The party’s over: It’s time to pay up
By The Editorial Board
Finally, the party’s over.
Don Lippert and Ian Vonie were sentenced Friday for the party that made Meadow Street infamous. The party’s hosts were sentenced to pay $3,500 in fines, 12 months probation and 100 hours of community service.
And it’s likely that they’ll serve it alone, although they shouldn’t.
For weeks after the Meadow Street bust students mustered up as much outrage as they could. Students believed that the police had overstepped their bounds and began throwing allegations.
One guest columnist in this paper even said that the police ignored their moral obligations: “When did the quaint morals of yesterday’s small town cops get thrown out of the window?”
Today, after the dust has finally settled, where are those students now? Where is the outrage over those “ruined lives?” More important, where is their moral obligation?
Lippert and Vonie were the primary fall guys for the entire party, all 109 citations, and faced much stiffer penalties than anyone who received an underage drinking citation – and those penalties could have been much worse. They didn’t have the luxury of slipping away anonymously and paying their fines. They became “those guys who threw that party.”

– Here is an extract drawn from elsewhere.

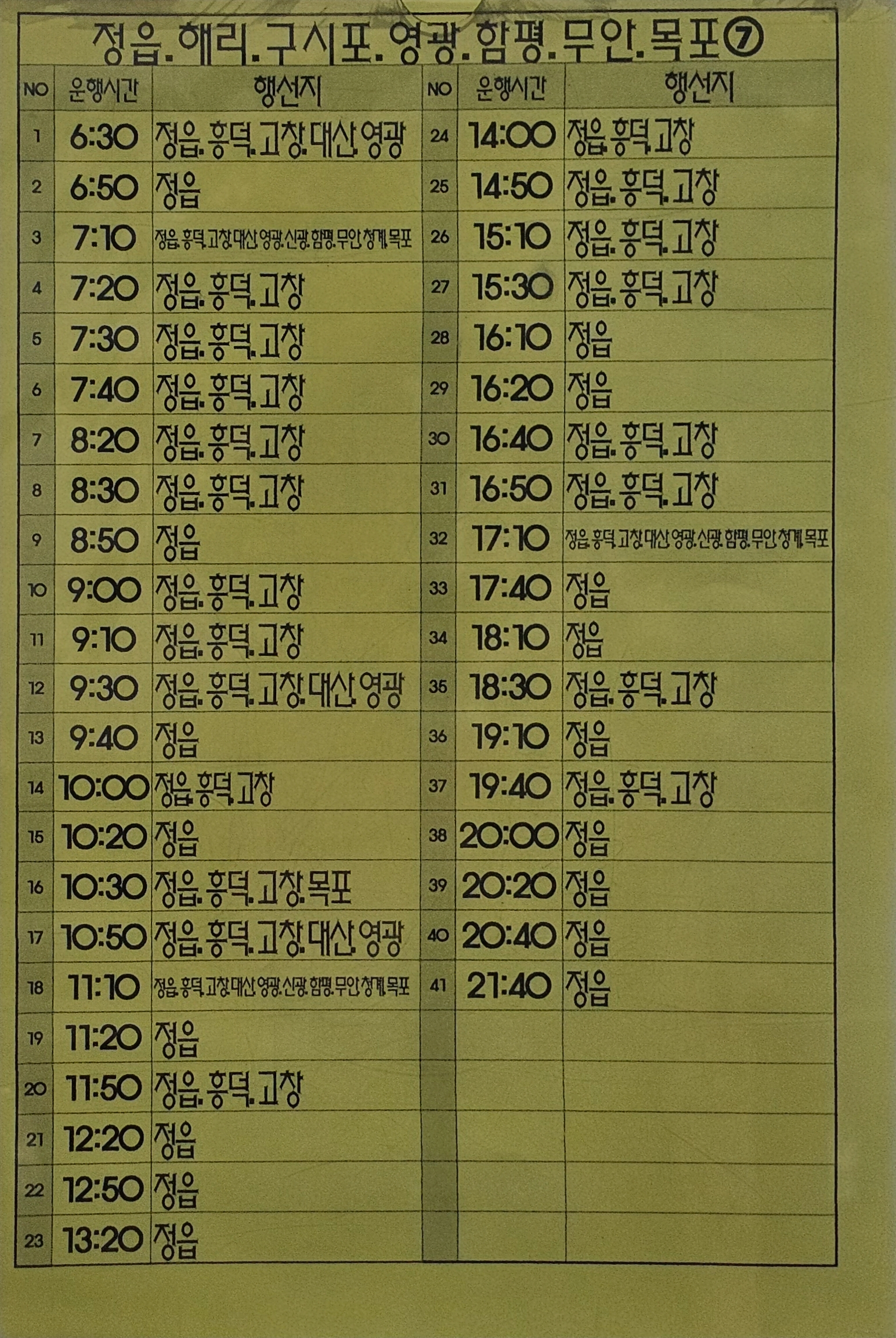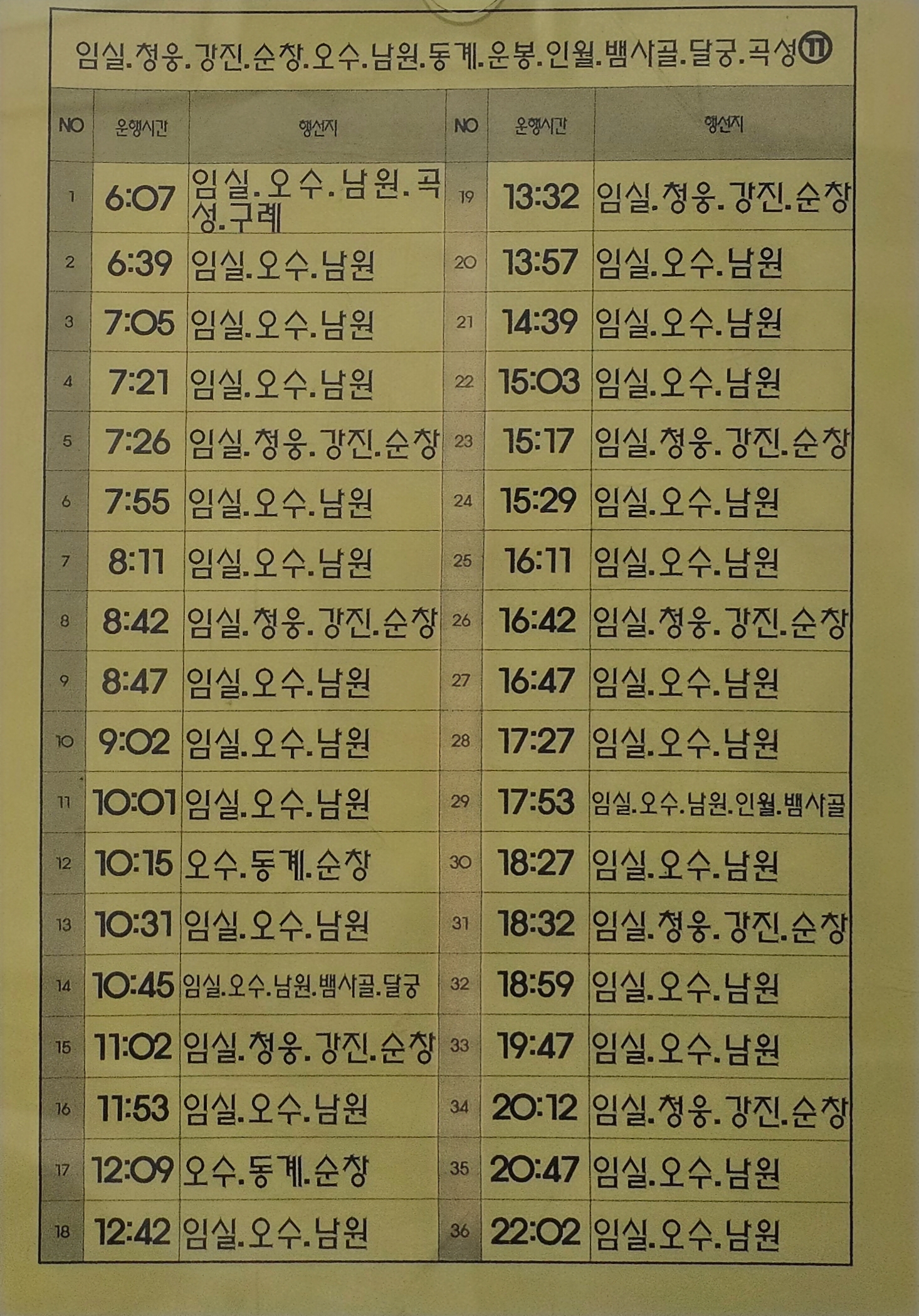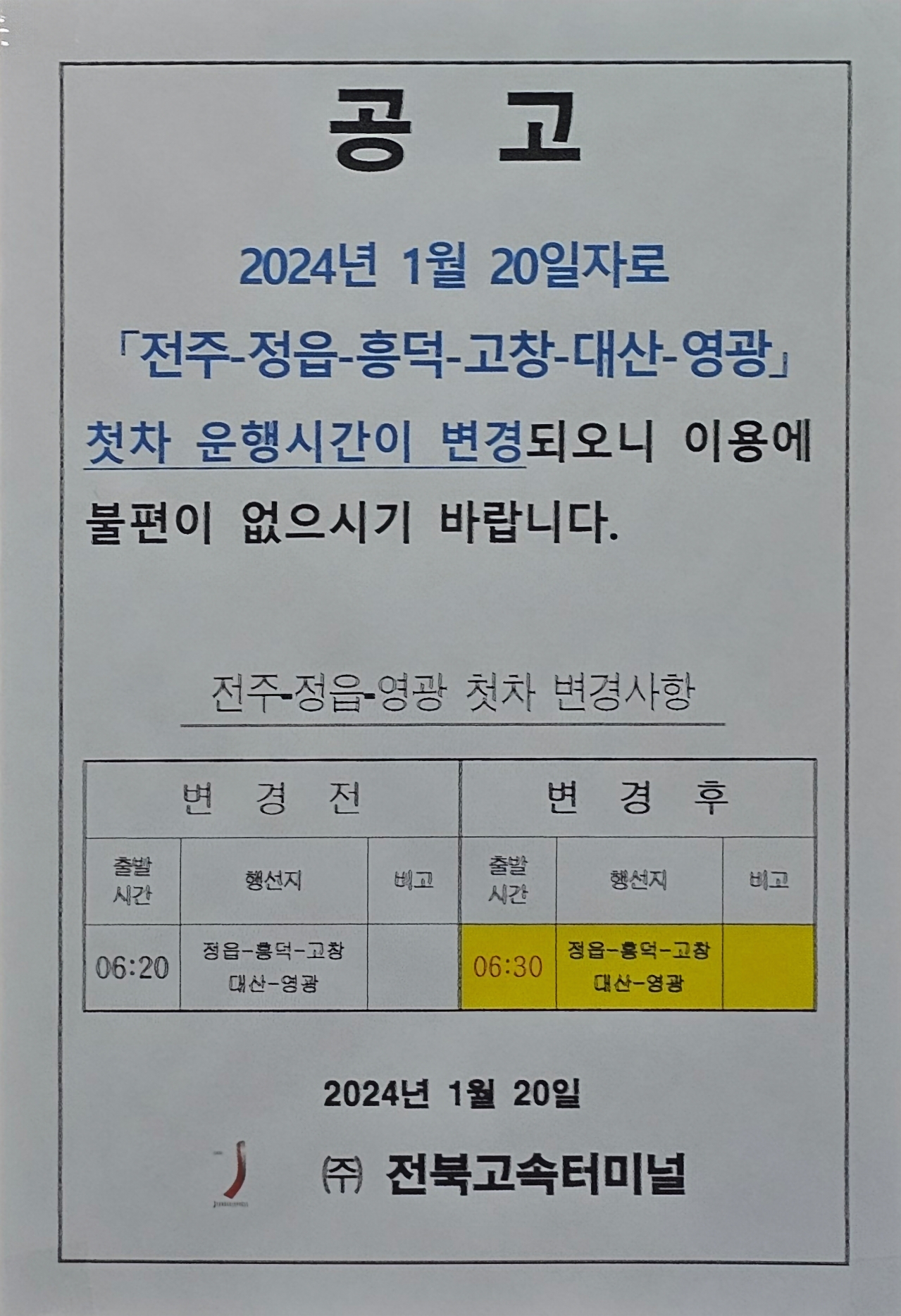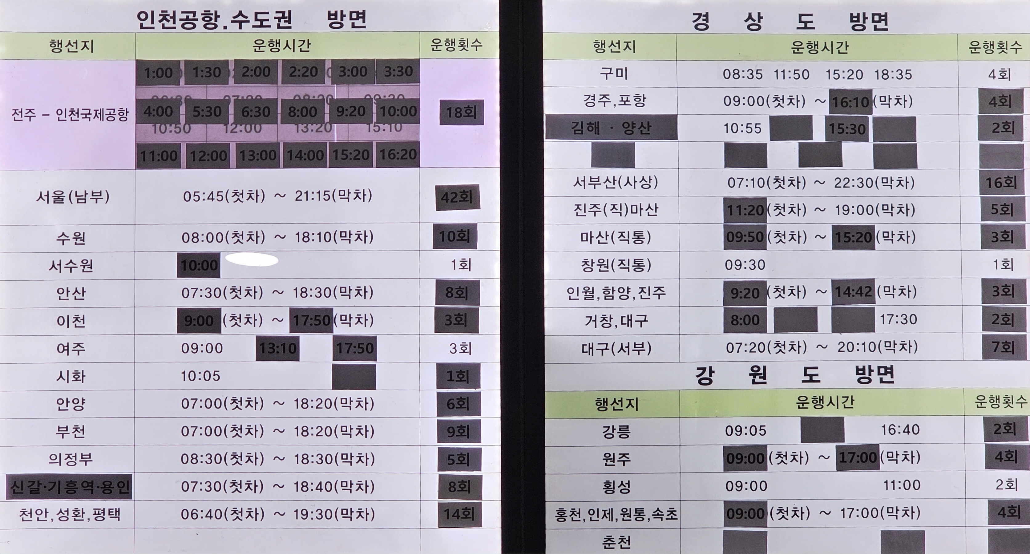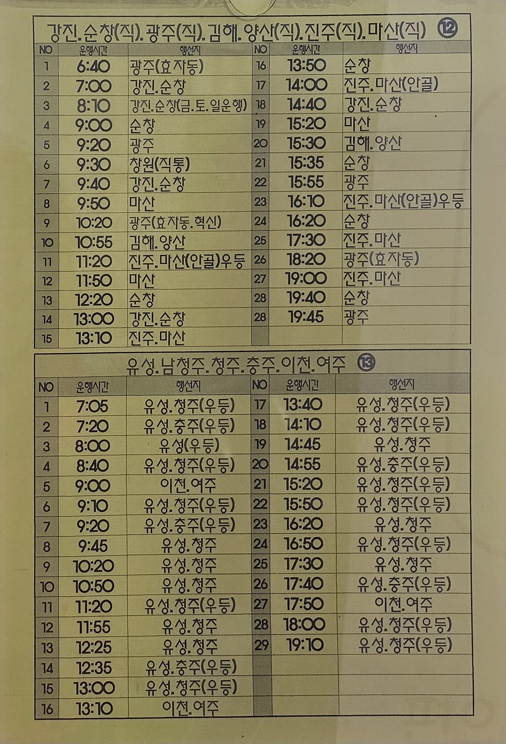 전주에서 광주(효자동)가는 첫차는 06시40분,강진,순창은 07시에 운행한다.

Now those same students who bemoaned the party bust, wrote letters and complained about the police are nowhere to be found, off somewhere minding their own business again.
If they ever really cared, the time to do something is now. They can either let Lippert and Vonie pay for it all themselves, or they can acknowledge that the same thing could have happened to anyone.
About $70 dollars from every student cited that night could cover the $7,000 in fines – if you include every student that acted outraged the dollar amount per person is much lower. Even $5 from a couple of people could make a difference.
Complain all you want, but there’s a big difference between talk and action.
Put your money where your outrage is.